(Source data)
┄┄┄┄┄┄
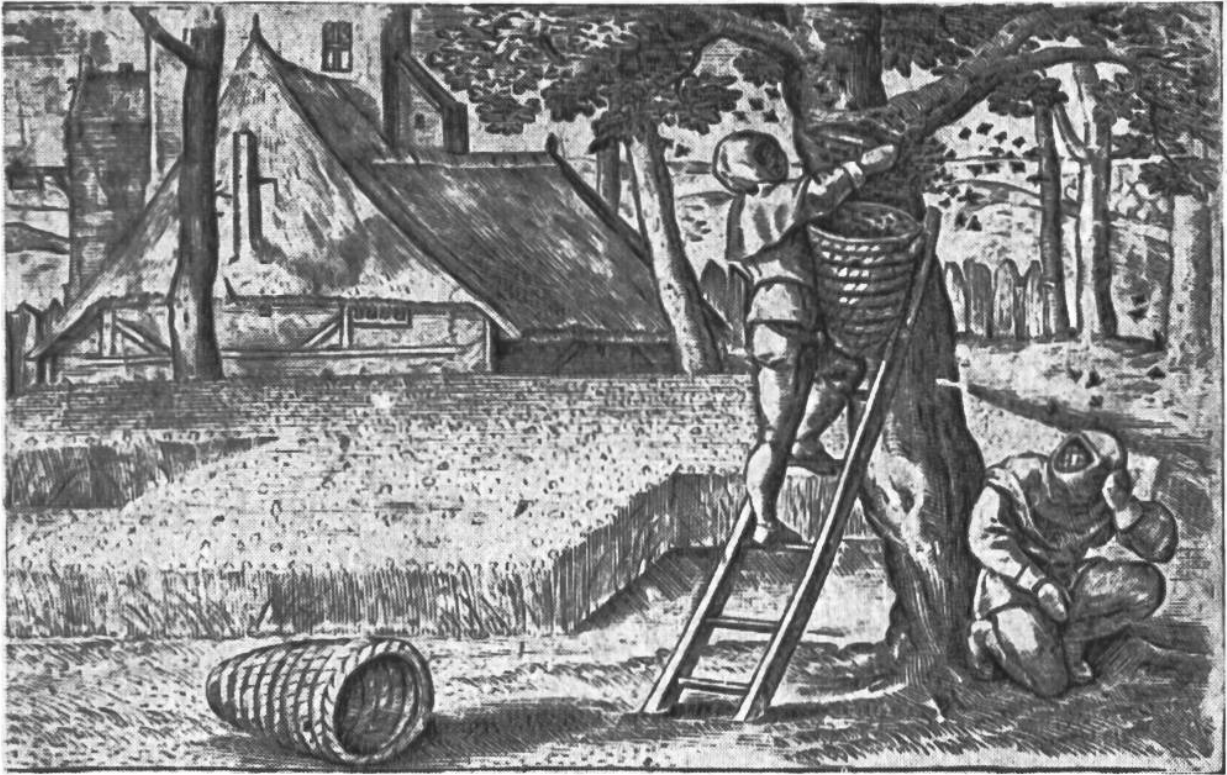
Einfangen eines Bienenschwarms auf einem spätmittelalterlichen Bauernhof.
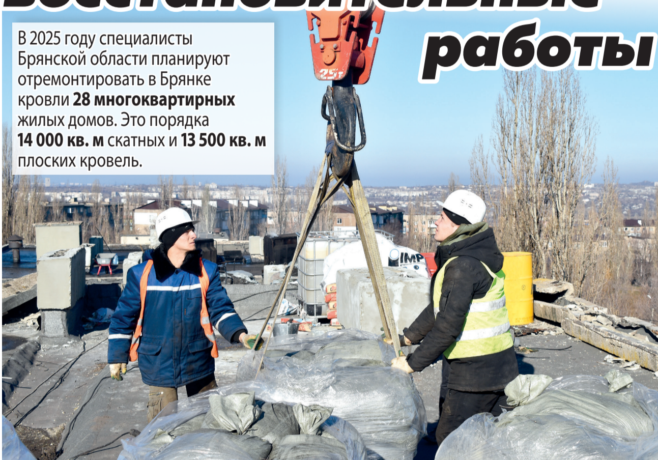
Специалисты Брянской области приступили к капремонту кровли дома № 33 в микрорайоне № 4

В 2025 году специалисты Брянской области планируют отремонтировать в Брянке кровли 28 многоквартирных жилых домов . Это порядка 14 000 кв. м скатных и 13 500 кв. м плоских кровель.
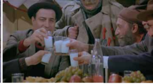
Görsel 13 (Deli Deli Küpeli, 54'30")
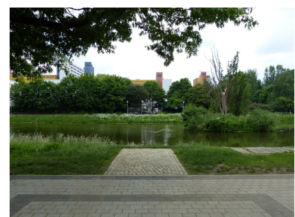
Blick vom Kreuzungspunkt an der Bettina-von-Arnim-Schule über das Mittelfeldbecken in Richtung Märkisches Zentrum
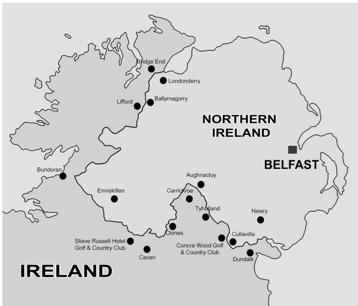
Figur 2. Karta över de orter där vi valde att kontakta företag, baserat på läge och typ.

För denna studie ansågs det vara tillräckligt med 10 intervjuer, detta då det bidrar till avgränsning och reliabiliteten. Intervjuerna var semistrukturerade i syfte att kunna anpassa frågorna efter den som intervjuas. Frågorna formades på ett neutralt sätt och redovisades anonymt i arbetet. Syftet med intervjuerna var att få svar på hur dessa typer av aktörer tänker i den kommande situationen. Detta för att se om de har gjort upp en plan för hur turismen ska hanteras, för att bibehålla och öka besökarantalet. Intervjuerna hölls korta för att inte verka avskräckande samt med tydliga frågor för att stärka validiteten. Under den första mailkontakten skickade vi även en noggrann beskrivning om vad svaren kommer användas till. Intervjuerna genomfördes sedan via e-mail eller Skype samtal. Svaren relaterades sedan till forskning för att hitta gemensamma faktorer som kan bidra till en lösning för liknande händelser.
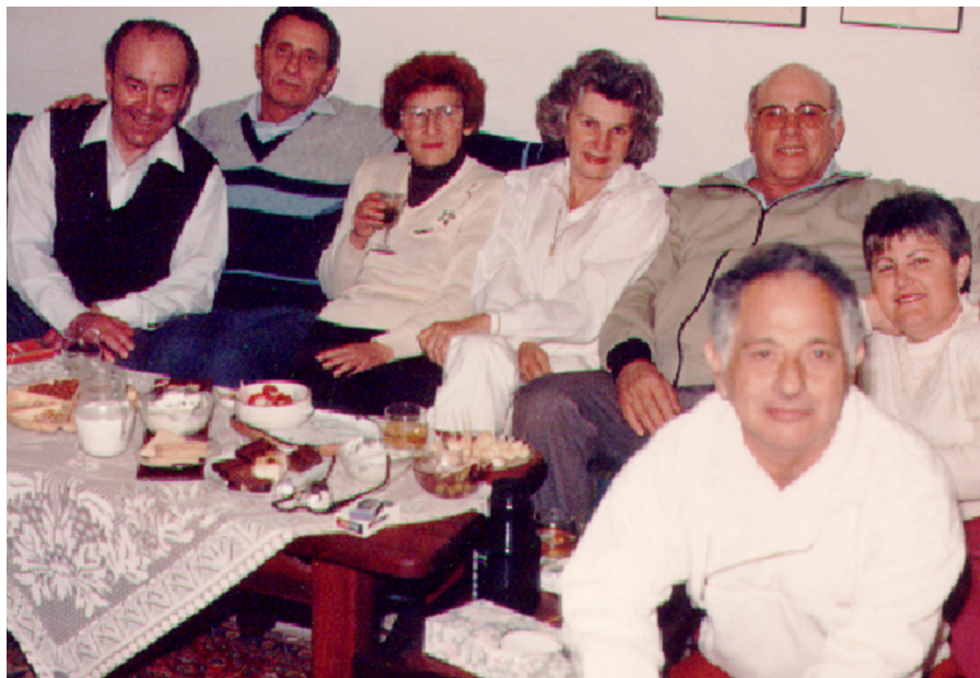
Találkozó 1981-ben a szegedi és a KZ bécsi tábor csapatával
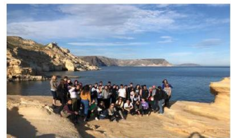
ECHANGE A ALMERIA. Espagne. Janvier 2020
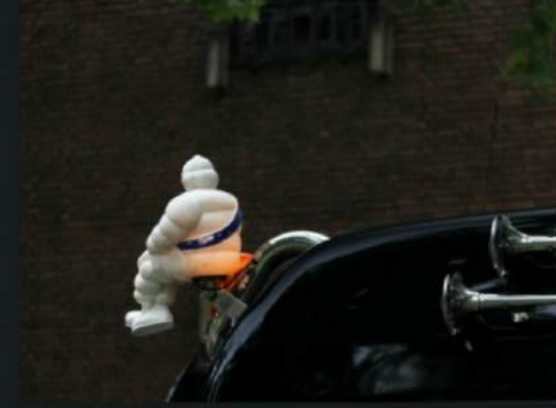
Blauwe band? Ben je betoeterd?
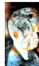
Profil muže olej 1986
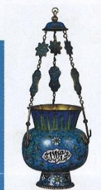
由大衛收藏博物館借出的燈。
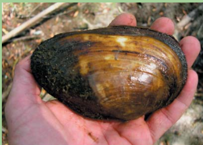
Exemplar de nàiada anodonta ( Anodonta cygnea )

L'espècie es troba en regressió a tot arreu per la contaminació de les aigües, la disminució de les comunitats de peixos autòctons i la substitució dels fons naturals de canals, regs i rius on viuen per materials artificials.
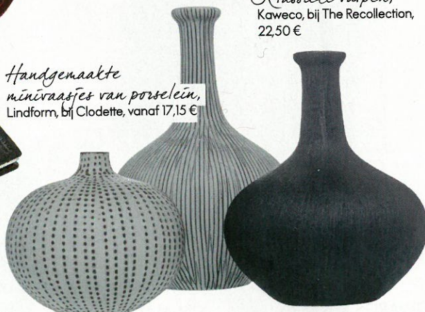
Handgemaakte mini-vaaftjes van porselein, Lindform, bij Clodette, vanaf 17,15 €
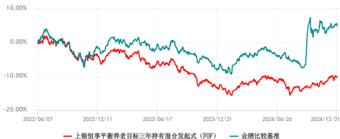
上银恒享平衡养老目标三年持有期混合型发起式基金中基金（FOF）累计净值增长率 与业绩比较基准收益率历史走势对比图 (2022年06月07日-2024年12月31日)

注：本基金合同生效日为 2022 年 06 月 07 日，自基金合同生效日起 6 个月内为建仓期，建仓期结束时各项资产配置比例符合基金合同约定。
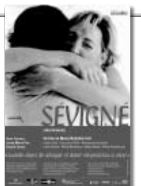
CARTEL DE LA PELÍCULA.
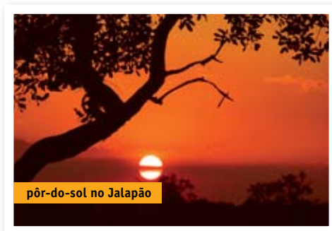
pôr-do-sol no Jalapão
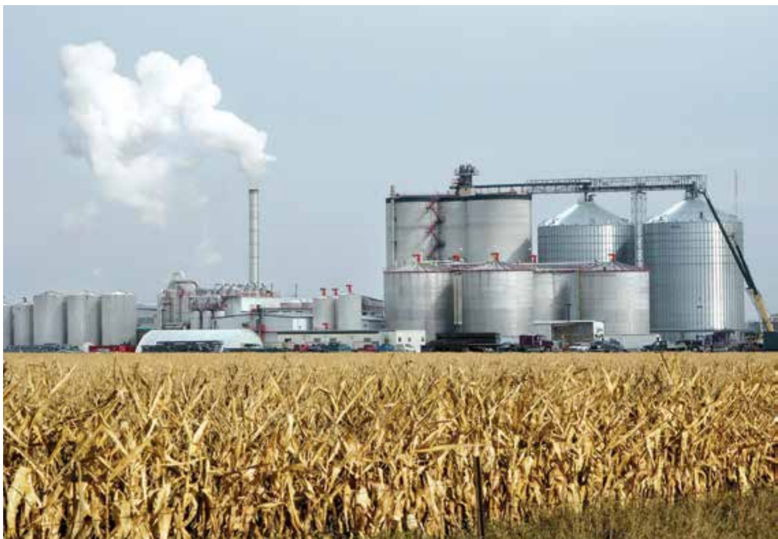
Planta de producción de biocombustibles en el medio oeste norteamericano. En primer plano, maíz que le sirve de materia prima.

Hay varias formas de producir biocombustibles de segunda generación, de las cuales la vía bioquímica y la termoquímica son las más conocidas. La primera emplea microorganismos para reducir a azúcares simples las complejas cadenas químicas de las moléculas de celulosa, y luego transforma los azúcares en biocombustible. La forma termoquímica se vale de alta presión y temperatura para pasar de una amplia variedad de tipos de biomasa a combustibles. Un camino posible es obtener gas de síntesis , una mezcla de monóxido de carbono (CO), dióxido de carbono (CO 2 ) e hidrógeno (H 2 ). Este gas se utiliza luego para producir energía en forma de calor. La otra forma termoquímica de conversión es la pirólisis , una reacción química que se lleva a cabo en ausencia de oxígeno y por
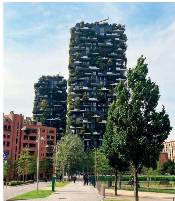
Bosco Verticale – wieżowce zaprojektowane przez Stefano Boeriego stanowią zielone płuca nowoczesnego Mediolanu
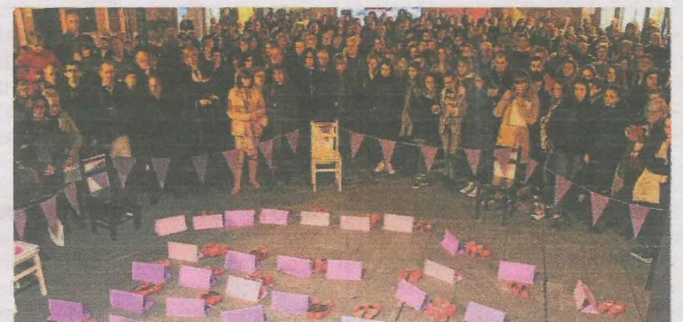
Un momento de la concentración del lunes en Ermua.

De hecho, estas asociaciones repartieron el comunicado completo consensuado con mujeres y asociaciones del Consejo de Igualdad, con párrafos subrayados que, según el escrito, «han sido censurados por la concejala de Igualdad». Estas asociaciones explicaban que «tuvimos que retirar los últimos párrafos del comunicado para que el acto se celebrara como siempre, ya que nos invitaron a hacer otro acto en otro lugar del municipio si queríamos leer esos párrafos y no lo hemos hecho por el bien del objetivo común de este día». Estas asociaciones calificaban como «violencia institucional» las actuaciones vividas en las últimas fechas.
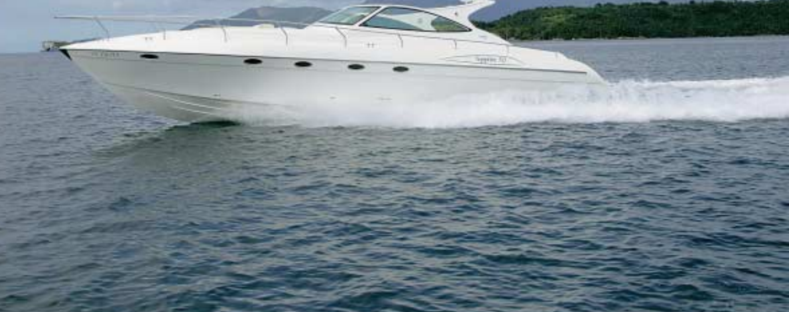
Impulsionada por dois motores Volvo TAM75P EDC de 480 hp cada, a Sapphire 50 atinge o planeio com facilidade

leiro, e neste aspecto a Sapphire 50 conta com outro ponto positivo: a plataforma de popa tem 1,16 m de largura, dimensão bem apropriada para o manuseio do bote ou do jet ou mesmo para entrar e sair da água.
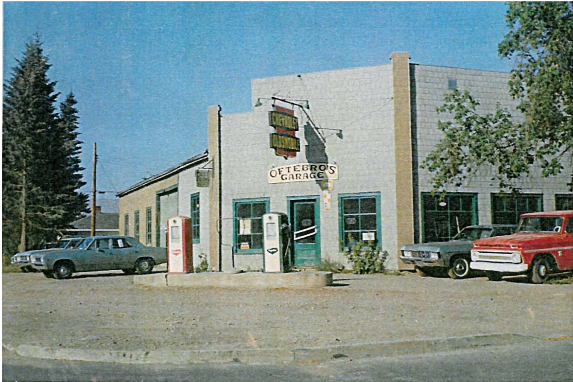
Oftebro's Garage i Preeceville, Saskatchewan, Canada.
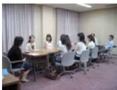
留学生生活を熱く語る

学生交流協定に基づき留学していた学生が帰国したのを機に、学長を囲んで懇談会形式の報告会を実施しました。留学先での様々な体験談を熱心に語ってくれる学生に、学長からもいろいろな質問が寄せられ、にぎやかな懇談会となりました。懇談会には、今年派遣される学生も同席し、留学生活のアドバイスを求めたこともあり、予定時間を超過しましたが、有意義な報告会になりました。
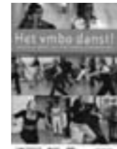
Het vmbo danst!
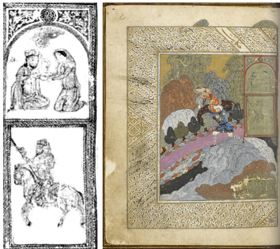
تصویر ۴. نگاره «به‌دوش کشیدن شیرین»، گلچین اسکندرسلطان، fol.61r، آغاز ۹ ق، شیراز، کتابخانه بریتانیا، Add.27261 (URL2).

دو نگاره تیموری، یکی از هرات (fol.70r، ۸۴۶ ق، کتابخانه بریتانیا، Add.Ms.25900) و دیگری از شیراز (fol.44v، ۸۶۰ ق، کتابخانه فرانسه، Per1112) نیز در اجرای نقش صخره‌نگاره فرهاد به‌مانند خمسه جلایری، شباهت چشم‌گیری به نقوش طاق‌بستان دارند. در نگاره هرات، حتی سویه اسب با نقش طاق‌بستان (از چپ به راست) همانند است. البته این نگاره از آن نسخه‌ای است که برخی بخش‌های آن را هنرمندان صفوی بازپرداخته‌اند. شیوه رنگ‌آمیزی بستر صخره‌نگاره و برخی دگرگونی‌ها در لباس پیکره‌ها، گمان بازسازی این بخش را بیشتر می‌کند. می‌پنداریم این طرح به‌مانند صخره‌نگاره خمسه جلایری (تصویر ۳)، الگوپردازی وفادارانه‌ای از طاق‌بستان بوده که در بازپرداخت صفوی، در پاره‌ای ریزنگاری‌ها دگرگون شده است. به‌ویژه آنکه سنت خمسه‌پردازی صفوی، آنگونه که خواهیم دید،
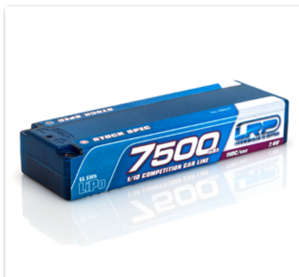
LRP 7500 - TC Stock Spec - 110C/55C - 7.4V LiPo

CONSULTA LAS SIGUIENTES PÁGINAS PARA MÁS DETALLES
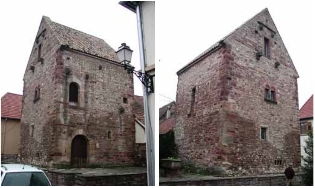
Avant travaux de restauration
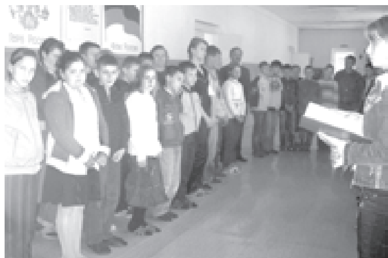
Торжественная линейка в Бутаковской школе

Нам очень хочется, чтобы политики и законодатели, принимающие судьбоносные решения, услышали их голос, почувствовали их боль. И еще хочется, чтобы они не отмахивались от письма жителей Бутакова, ведь в том, о чем они написали, много горькой правды.
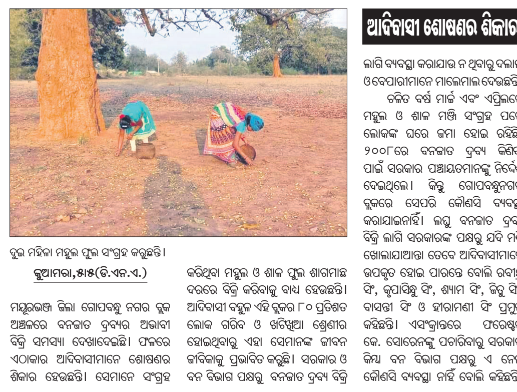
ଭୁଇଁ ମହିଳା ମହୁଳା ପୁଲ୍ ସଂଗ୍ରହ କରୁଛନ୍ତି।
┄┄┄┄┄┄
• **WHAT THIS TASK INVOLVES**
Could you find each line in the entries that contains the string "تصویر" and copy it?

• **TASK SOLUTION**
تصویر ۴. نگاره «به‌دوش کشیدن شیرین»، گلچین اسکندرسلطان، fol.61r، آغاز ۹ ق، شیراز، کتابخانه بریتانیا، Add.27261 (URL2).
دو نگاره تیموری، یکی از هرات (fol.70r، ۸۴۶ ق، کتابخانه بریتانیا، Add.Ms.25900) و دیگری از شیراز (fol.44v، ۸۶۰ ق، کتابخانه فرانسه، Per1112) نیز در اجرای نقش صخره‌نگاره فرهاد به‌مانند خمسه جلایری، شباهت چشم‌گیری به نقوش طاق‌بستان دارند. در نگاره هرات، حتی سویه اسب با نقش طاق‌بستان (از چپ به راست) همانند است. البته این نگاره از آن نسخه‌ای است که برخی بخش‌های آن را هنرمندان صفوی بازپرداخته‌اند. شیوه رنگ‌آمیزی بستر صخره‌نگاره و برخی دگرگونی‌ها در لباس پیکره‌ها، گمان بازسازی این بخش را بیشتر می‌کند. می‌پنداریم این طرح به‌مانند صخره‌نگاره خمسه جلایری (تصویر ۳)، الگوپردازی وفادارانه‌ای از طاق‌بستان بوده که در بازپرداخت صفوی، در پاره‌ای ریزنگاری‌ها دگرگون شده است. به‌ویژه آنکه سنت خمسه‌پردازی صفوی، آنگونه که خواهیم دید،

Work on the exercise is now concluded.